• _WHAT IS NEEDED_
Word for word, give the data again without its pictures.
*** Opening of SOURCE DATA ***
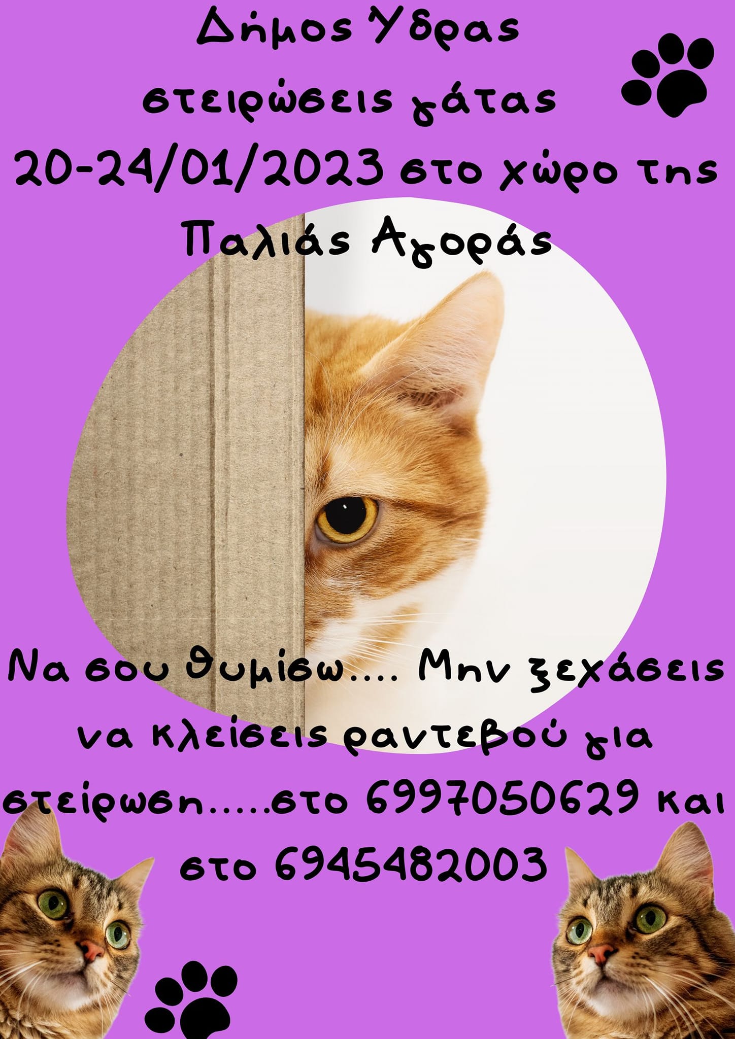 Το διάστημα από Παρασκευή 20 Ιανουαρίου έως την Τρίτη 24 Ιανουαρίου 2023 στον χώρο της Δημοτικής Αγοράς, η κτηνιατρική ομάδα της κα. Κοτζαμπασάκη《ANIMED》θα βρίσκεται στο Νησί μας όπου θα πραγματοποιήσει δωρεάν στειρώσεις στις αδέσποτες γάτες και περιθάλψεις όπου αυτό χρειαστεί.
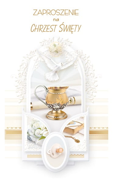 Pięknie wykonane ZAPROSZENIA NA CHRZEST, delikatne i bielutkie, gustownie ozdobione złotym brokatem. Zrobiono je z dość sztywnego papieru kredowego z delikatnym satynowym wykończeniem. Zaproszenie jednostronnie otwierane z tekstem we wnętrzu. Nie zawiera dodatkowej wkładki -Potwierdzenie Przybycia. Zaproszenia te są doskonałym wyborem dla osób ceniących subtelną ale wymowną elegancję. To świetny wybór również dla tych, którzy nie chcą wydawać więcej jak np. za zaproszenia ręcznie robione. Do każdego zaproszenia dołączona jest śnieżnobiała, elegancka koperta. Zaproszenie prezentuje się bardzo wytwornie. Zaproszenia pakowane są przez producenta w pakietach po 10 szt. sprzedaż w pakietach i na sztuki. Polecamy !
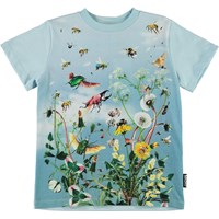 Road er en lyseblå unisex t-shirt med print vilde blomster og insekter. T-shirten har rund halsudskæring.
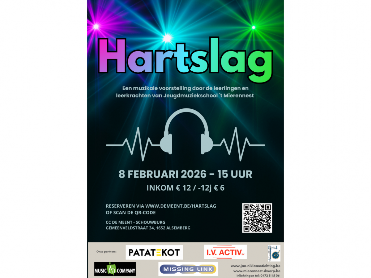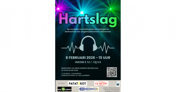 Hartslag is een muzikale voorstelling, gebracht door de leerlingen van Jeugdmuziekschool ´t Mierennest Dworp. Meer dan 70 leerlingen zullen op het podium zingen en op instrumenten spelen.
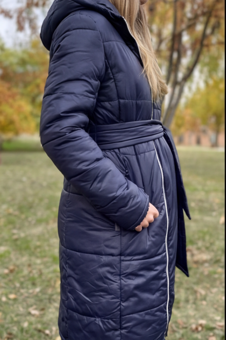 Универсальное длинное зимнее двухстороннее пальто 2в1 для беременных. Выполнено из плащевки лаке на силиконе. При помощи специальной дополнительной вставки стильное молодежное пальто легко превращается в изделие для беременных, рассчитанное на любой срок. Специальная вставка крепится при помощи легко застегивающихся молний. По бокам небольшие разрезы, капюшон объемный, не отстегивается. Рукава можно подворачивать и делать манжеты.
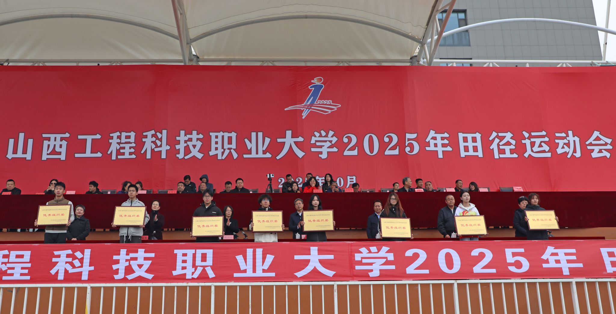 10月17日至18日,我校2025年田径运动会在西运动场举办。校党委书记秦华伟宣布运动会开幕,校党委副书记、校长潘晋孝致开幕辞,校党委副书记梁晓军致闭幕辞,纪委书记郭建平为比赛发令,副校长李锦元出席,副校长张秀芝主持开闭幕式。学校各部门、各二级学院党政负责人,各二级学院师生代表、运动会裁判员、运动员、学校国旗护卫队队员参加。
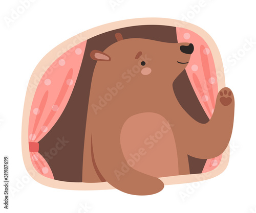 Hare Looked Out From Tree Hollow and Waving Paw Vector Illustration
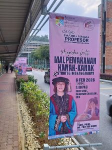 2月9日に本学が包括的学術連携を結んでいるUniversiti Kebangsaan Malaysia (UKM:マレーシア国立大学)のProf. Bee Koon Pohの教授就任講演がUKMで開催されました。Prof. Pohと香川副所長は約20年に亘り交流があり、共同研究を行ってきたほか、Prof. Pohや共同で指導していた大学院生を本研究所で受け入れました。今回の記念すべき講演会と同時に開催された研究業績の展示会では、本学及び本研究所との繋がりについても紹介され、香川副所長の挨拶動画が上映され、元院生による本学での留学生活を紹介する資料が展示されました。
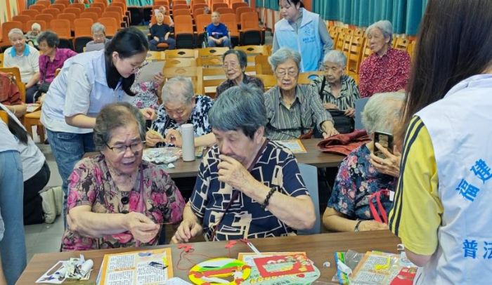 在“一对一手工挂件制作”环节,队员们与老人分组协作,穿珠引线间闲话家常。“奶奶,您平时会用智能手机吗?”“爷爷,家里遇到法律问题会找谁帮忙?”在轻松交流中,队员们细致记录老人的法律需求与生活困惑。手工桌上,各种写着“中国梦”“祖国万岁”红绳挂件逐渐成型,也串联起两代人之间的温情对话。
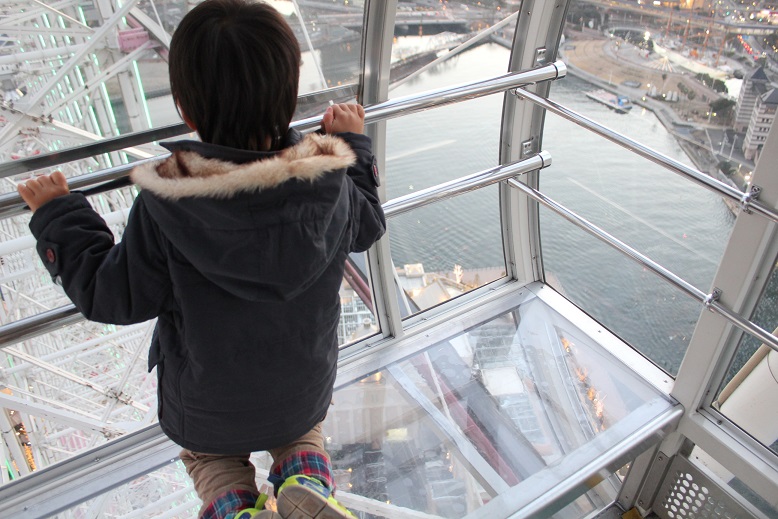 シースルーゴンドラの中の様子。3歳の息子も興奮!
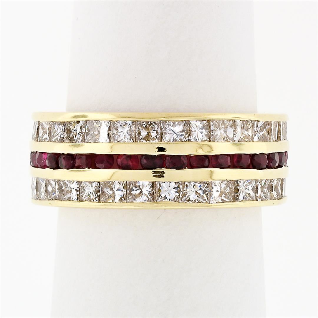 A solid 18k yellow gold eternity band ring, with 33 round brilliant cut natural rubies (1.0ctw), and 58 square princess cut natural diamonds (H/I C- VS1/VS2 ; 4.0ctw). The ring is size 6.0, weighs a total of 7.11 grams, and measures 7.7mm wide.
*** Close of SOURCE DATA ***
• _RESULT OF THIS EXERCISE_
 Το διάστημα από Παρασκευή 20 Ιανουαρίου έως την Τρίτη 24 Ιανουαρίου 2023 στον χώρο της Δημοτικής Αγοράς, η κτηνιατρική ομάδα της κα. Κοτζαμπασάκη《ANIMED》θα βρίσκεται στο Νησί μας όπου θα πραγματοποιήσει δωρεάν στειρώσεις στις αδέσποτες γάτες και περιθάλψεις όπου αυτό χρειαστεί.
 Pięknie wykonane ZAPROSZENIA NA CHRZEST, delikatne i bielutkie, gustownie ozdobione złotym brokatem. Zrobiono je z dość sztywnego papieru kredowego z delikatnym satynowym wykończeniem. Zaproszenie jednostronnie otwierane z tekstem we wnętrzu. Nie zawiera dodatkowej wkładki -Potwierdzenie Przybycia. Zaproszenia te są doskonałym wyborem dla osób ceniących subtelną ale wymowną elegancję. To świetny wybór również dla tych, którzy nie chcą wydawać więcej jak np. za zaproszenia ręcznie robione. Do każdego zaproszenia dołączona jest śnieżnobiała, elegancka koperta. Zaproszenie prezentuje się bardzo wytwornie. Zaproszenia pakowane są przez producenta w pakietach po 10 szt. sprzedaż w pakietach i na sztuki. Polecamy !
 Road er en lyseblå unisex t-shirt med print vilde blomster og insekter. T-shirten har rund halsudskæring.
 Hartslag is een muzikale voorstelling, gebracht door de leerlingen van Jeugdmuziekschool ´t Mierennest Dworp. Meer dan 70 leerlingen zullen op het podium zingen en op instrumenten spelen.
 Универсальное длинное зимнее двухстороннее пальто 2в1 для беременных. Выполнено из плащевки лаке на силиконе. При помощи специальной дополнительной вставки стильное молодежное пальто легко превращается в изделие для беременных, рассчитанное на любой срок. Специальная вставка крепится при помощи легко застегивающихся молний. По бокам небольшие разрезы, капюшон объемный, не отстегивается. Рукава можно подворачивать и делать манжеты.
 10月17日至18日,我校2025年田径运动会在西运动场举办。校党委书记秦华伟宣布运动会开幕,校党委副书记、校长潘晋孝致开幕辞,校党委副书记梁晓军致闭幕辞,纪委书记郭建平为比赛发令,副校长李锦元出席,副校长张秀芝主持开闭幕式。学校各部门、各二级学院党政负责人,各二级学院师生代表、运动会裁判员、运动员、学校国旗护卫队队员参加。
 Hare Looked Out From Tree Hollow and Waving Paw Vector Illustration
 2月9日に本学が包括的学術連携を結んでいるUniversiti Kebangsaan Malaysia (UKM:マレーシア国立大学)のProf. Bee Koon Pohの教授就任講演がUKMで開催されました。Prof. Pohと香川副所長は約20年に亘り交流があり、共同研究を行ってきたほか、Prof. Pohや共同で指導していた大学院生を本研究所で受け入れました。今回の記念すべき講演会と同時に開催された研究業績の展示会では、本学及び本研究所との繋がりについても紹介され、香川副所長の挨拶動画が上映され、元院生による本学での留学生活を紹介する資料が展示されました。
 在“一对一手工挂件制作”环节,队员们与老人分组协作,穿珠引线间闲话家常。“奶奶,您平时会用智能手机吗?”“爷爷,家里遇到法律问题会找谁帮忙?”在轻松交流中,队员们细致记录老人的法律需求与生活困惑。手工桌上,各种写着“中国梦”“祖国万岁”红绳挂件逐渐成型,也串联起两代人之间的温情对话。
 シースルーゴンドラの中の様子。3歳の息子も興奮!
 A solid 18k yellow gold eternity band ring, with 33 round brilliant cut natural rubies (1.0ctw), and 58 square princess cut natural diamonds (H/I C- VS1/VS2 ; 4.0ctw). The ring is size 6.0, weighs a total of 7.11 grams, and measures 7.7mm wide.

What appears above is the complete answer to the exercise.